Fintro Literatuurprijs

Zelf beleeft Olyslaegers ook de tijd van zijn leven. Zijn roman Wil, die vorig jaar rond deze tijd uitkwam, heeft een indrukwekkend parcours gereden. Hij won de Fintro Literatuurprijs (de vroegere Gouden Uil), de Confituur Boekhandelsprijs en de Ultima van de Vlaamse Cultuur in de categorie Letteren, hij werd genomineerd voor de Libris Literatuurprijs, en kreeg lovende recensies. (De ECI Literatuurprijs zit er trouwens ook nog aan te komen, de longlist voor die vroegere AKO Literatuurprijs wordt eind augustus bekendgemaakt.)

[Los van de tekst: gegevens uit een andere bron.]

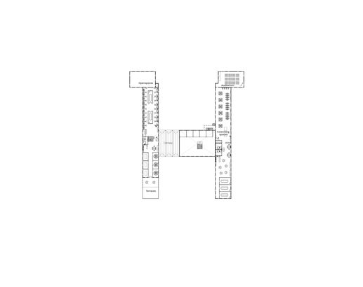 To turn this hinge into a focal point where people not only stop by but also come back to it or stay there, we decided to implant a social and cultural hub into the existing concrete building. This was a former military building of 7 floors of 1975. The new place accomodates a covered marketplace and street, a food hall with a café and rooftop, some venues and seasonal temporary spaces to host events, workshops, rentable classes and offices, co-working and openspaces, study rooms and a library, and finally, some student appartments/rooms. The different areas were located and designed according to intimacy levels and sunlight needs, as well as depending on the new public space.

Mocht u toch nog niet weten waar de roman over gaat: Wilfried Wils is hulpagent in het Antwerpen van de Tweede Wereldoorlog en terwijl er een meedogenloze jacht op Joden plaatsvindt, probeert hij zelf te overleven door voortdurend heen en weer te pendelen tussen verzet en verraad. Als Wils oud is, vertelt hij zijn verhaal aan zijn achterkleinzoon.

Door het succes van Wil zijn Wij en Winst, de twee andere romans van zijn W-trilogie, nu ook opnieuw uitgegeven. Daar is hij erg gelukkig mee. “Het doet pijn als een boek waar je twee jaar aan gewerkt hebt na zes weken al uit de boekhandel verdwijnt omdat het niet verkoopt. Door Wil kan ik voor die twee romans nu dus een soort revanche op de tijd nemen.”

''Wij' heeft mij geëmancipeerd als schrijver. Door dat boek ben ik echt een romancier geworden'
Jeroen Olyslagers

Is er voor uzelf een verschil in appreciatie ­tussen die drie ­boeken? Ziet u Wil liever dan de andere twee?

Jeroen Olyslaegers: “Wij heeft mij geëmancipeerd als schrijver. Door dat boek ben ik echt een romancier geworden. Winst was een boek dat ik móést schrijven. En het móést ook uitkomen in 2012, een belangrijk jaar voor mij, vol protesten die het jaar daarvoor door onder andere Occupy Wall Street op gang waren gebracht. Toen ik Wil aan het schrijven was, voelde ik na een tijdje al dat ik klaar was om boven mezelf uit te stijgen. Dat dit iets groots ging worden.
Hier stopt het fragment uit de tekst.